[[ RECORDS PROVIDED, beginning ]]

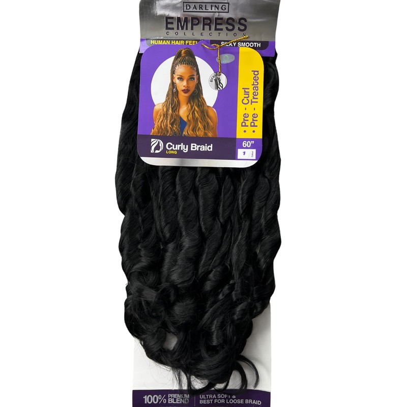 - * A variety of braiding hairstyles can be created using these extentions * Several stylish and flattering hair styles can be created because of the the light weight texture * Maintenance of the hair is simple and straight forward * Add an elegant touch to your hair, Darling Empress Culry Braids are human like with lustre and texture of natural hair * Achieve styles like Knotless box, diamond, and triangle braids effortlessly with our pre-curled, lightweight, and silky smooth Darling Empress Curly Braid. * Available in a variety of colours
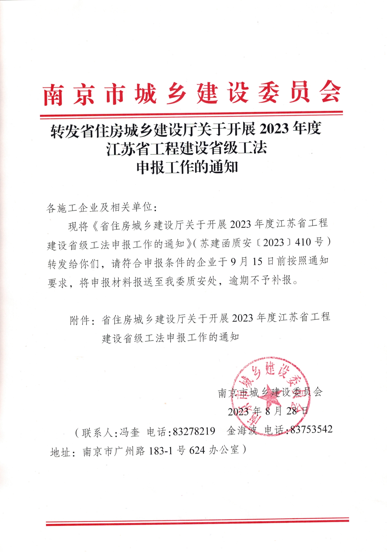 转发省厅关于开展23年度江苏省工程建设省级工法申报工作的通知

[[ RECORDS PROVIDED, end ]]
[[ RECORDS PROVIDED, beginning ]]

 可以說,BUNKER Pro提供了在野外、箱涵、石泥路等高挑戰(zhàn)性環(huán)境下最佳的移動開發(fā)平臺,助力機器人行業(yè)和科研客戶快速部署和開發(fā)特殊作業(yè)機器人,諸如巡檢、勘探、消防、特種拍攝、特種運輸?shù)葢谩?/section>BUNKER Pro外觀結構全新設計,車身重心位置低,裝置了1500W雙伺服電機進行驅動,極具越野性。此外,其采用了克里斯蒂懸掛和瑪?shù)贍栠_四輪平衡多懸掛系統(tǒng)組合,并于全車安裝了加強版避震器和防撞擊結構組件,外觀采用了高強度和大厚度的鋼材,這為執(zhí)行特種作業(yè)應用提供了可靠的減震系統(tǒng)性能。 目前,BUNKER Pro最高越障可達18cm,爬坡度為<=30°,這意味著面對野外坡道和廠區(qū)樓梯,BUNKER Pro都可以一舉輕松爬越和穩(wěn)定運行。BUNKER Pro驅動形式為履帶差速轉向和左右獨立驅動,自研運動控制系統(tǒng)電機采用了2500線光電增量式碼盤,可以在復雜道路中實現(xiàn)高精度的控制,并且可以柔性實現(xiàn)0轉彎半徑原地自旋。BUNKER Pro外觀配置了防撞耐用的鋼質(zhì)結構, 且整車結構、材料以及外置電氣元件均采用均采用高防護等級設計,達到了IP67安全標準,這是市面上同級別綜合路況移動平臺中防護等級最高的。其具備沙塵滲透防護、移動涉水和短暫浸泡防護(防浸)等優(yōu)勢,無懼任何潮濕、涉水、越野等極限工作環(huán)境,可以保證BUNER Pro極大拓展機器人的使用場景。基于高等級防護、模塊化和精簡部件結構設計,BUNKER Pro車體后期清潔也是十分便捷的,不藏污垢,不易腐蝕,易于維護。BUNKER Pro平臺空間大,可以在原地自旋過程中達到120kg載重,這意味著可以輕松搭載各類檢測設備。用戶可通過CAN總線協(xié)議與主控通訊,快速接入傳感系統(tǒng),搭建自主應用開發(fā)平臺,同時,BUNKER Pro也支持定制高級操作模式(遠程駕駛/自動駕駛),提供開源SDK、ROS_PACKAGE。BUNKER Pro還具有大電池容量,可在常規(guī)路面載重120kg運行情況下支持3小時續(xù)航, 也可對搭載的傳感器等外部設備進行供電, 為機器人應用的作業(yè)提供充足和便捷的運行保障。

[[ RECORDS PROVIDED, end ]]

EXERCISE INSTRUCTIONS
From the material above, output only the span of lines that starts at the one containing "- * A variety" and finishes at the one containing "转发省厅关于开展23年度江苏省工程建设省级工法申报工作的通知", word for word and free of pictures.

TASK ANSWER
 - * A variety of braiding hairstyles can be created using these extentions * Several stylish and flattering hair styles can be created because of the the light weight texture * Maintenance of the hair is simple and straight forward * Add an elegant touch to your hair, Darling Empress Culry Braids are human like with lustre and texture of natural hair * Achieve styles like Knotless box, diamond, and triangle braids effortlessly with our pre-curled, lightweight, and silky smooth Darling Empress Curly Braid. * Available in a variety of colours
 转发省厅关于开展23年度江苏省工程建设省级工法申报工作的通知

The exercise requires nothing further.